In FY21, all but three of the 24 agencies assessed in the Procurement Scorecard received an A or A+ grade for their performance in small business contracting. These grades are determined by a formula that accounts for prime and subcontracting awards, a comparison against historical data, and the results of a compliance review.

While the scorecard is an important monitoring tool, the grades can obscure poor performance against subcategory goals. In FY21, for example, the Department of Energy and NASA received A grades, yet both agencies failed to meet prime contracting goals for women-owned small businesses, service-disabled veteran-owned small businesses, and small businesses located in HUBZones.

The scorecards also paper over concerning trends in the number of small businesses participating in federal contracting.
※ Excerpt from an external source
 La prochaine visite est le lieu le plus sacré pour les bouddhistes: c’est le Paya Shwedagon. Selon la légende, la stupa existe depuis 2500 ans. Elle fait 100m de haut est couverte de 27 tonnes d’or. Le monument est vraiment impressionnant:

As outlined in a BPC report on small business contracting, the number of small businesses providing common products and services to the federal government shrank by 38% between FY10 and FY19. In FY21, 83% of agencies awarded fewer prime contracts to small businesses than the year before. Four agencies—each of which received an A or A+ grade—had declines of 10% or more.

While goals are important for communicating priorities, they also have downsides. Small business owners and former agency officials have told BPC it is important to align goals with the diversity of small business ownership. Women, for example, own about 20% of employer businesses in the United States—yet the women-owned small businesses goal has remained at 5% for over 20 years. Even this small goal has only been met twice.
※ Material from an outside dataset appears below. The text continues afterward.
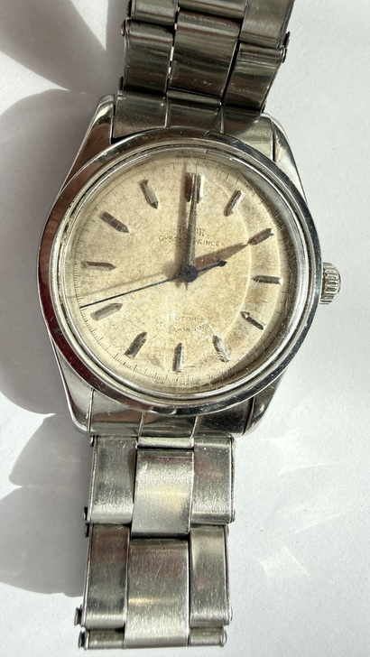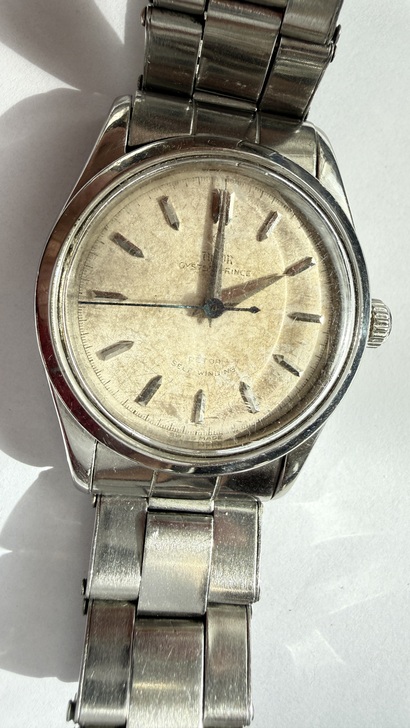* OYSTER PRINCE: 注意 12 點鐘位置的字體,其「S」與「R」的寫法在 50 年代有特定的規範。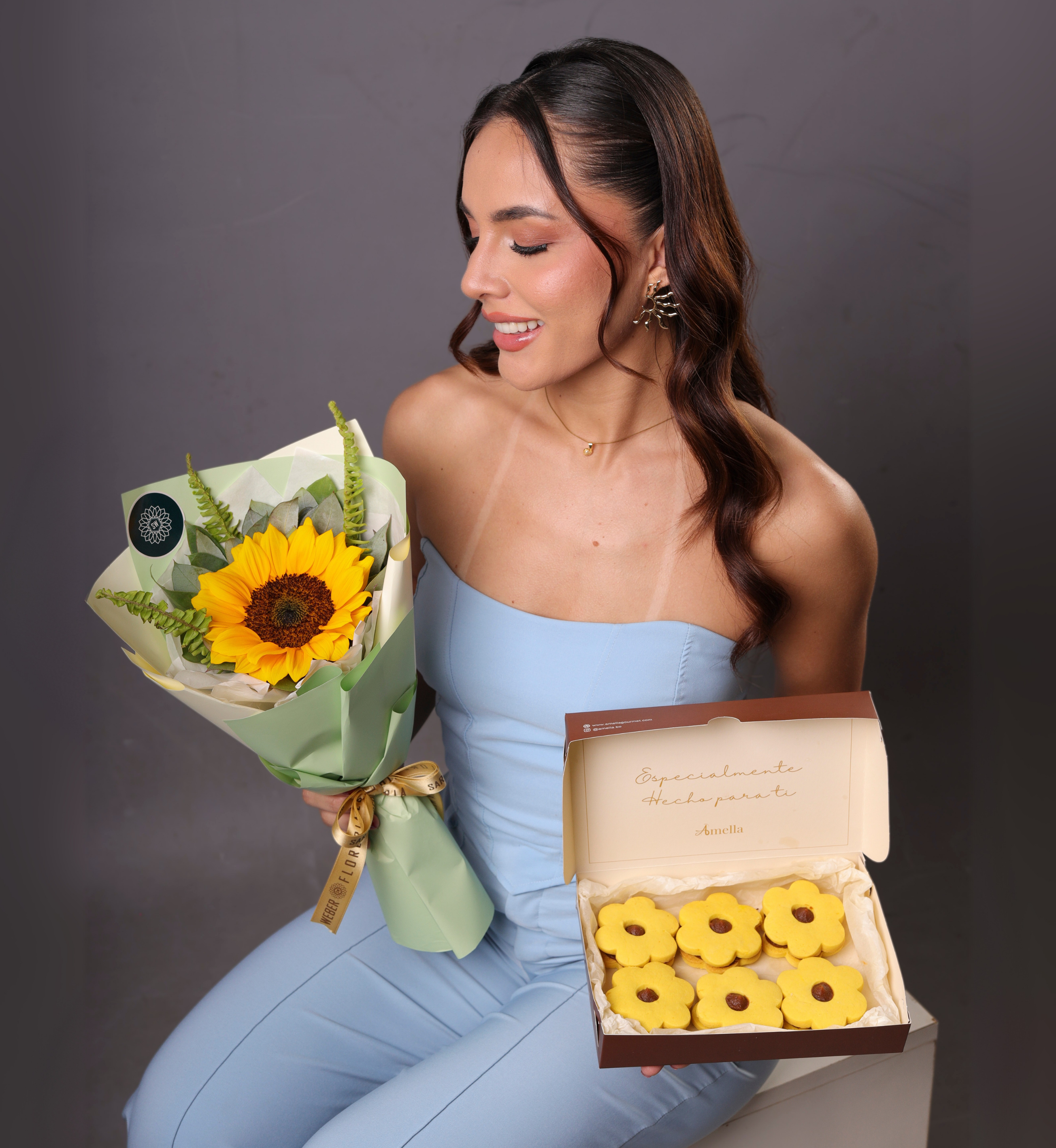 Ramo de 1 Giraso y caja de 6 alfajores de maicena artensales Amella. Producto Exclusivo de Floreria Sara Weber. Entregas en Santa Cruz de la Sierra, Bolivia.

Enhancing the Small Business Scorecard

Members of Congress from both parties recognize the importance of having good data on small business contracting. One bipartisan effort to expand reporting, the Small Business Scorecard Enhancements Act, is included in the FY23 National Defense Authorization Act (NDAA) alongside other small business reforms.

In step with BPC recommendations to improve transparency, accountability, and oversight of small business procurement, key provisions of the FY23 NDAA aim to bolster transparency in the federal contracting process by requiring the scorecard to include the number and total dollar amount of awards through sole source contracts and competitions made to:

  • Women-owned small businesses
  • Small businesses in HUBZones
  • Service-disabled veteran-owned small businesses
  • Small disadvantaged businesses

Including more information in the scorecards would bring much needed accountability to federal contracting – something small business owners want to see happen. Policymakers and small business need to know how well federal agencies are meeting contracting goals to remove the mystery around the procurement process, expand accessibility, and increase the success of the program. One business owner told us, “Procurement goals are just that: goals. There is no accountability for any agency to spend dollars with small businesses.” Another said, “We open up our life, our net worth to these people, and there’s no accountability on the government side.”

Looking Ahead to the Future of Small Business Contracting

Inclusion of the Small Business Scorecard Enhancements Act in the NDAA is a step forward to address problems in federal contracting. However, business owners still face numerous structural barriers when pursuing federal contracts, including a complex and arduous process to even be considered as a seller and be able to bid for contracts. Prior BPC work has highlighted potential policy options to strengthen small business contracting, including:

  • Ending agencies’ ability to double-count when reporting contracting goals,
  • Creating processes to aid new entrants to the procurement process and help established contractors “graduate,” and
  • Raising the simplified acquisition threshold so more small businesses can participate in federal contracting.

Individual pieces of legislation addressing these structural gaps can help improve procurement for small business owners, however these barriers can be best addressed by modernizing SBA through reauthorization. Strengthening the procurement process will benefit small businesses and their government customers.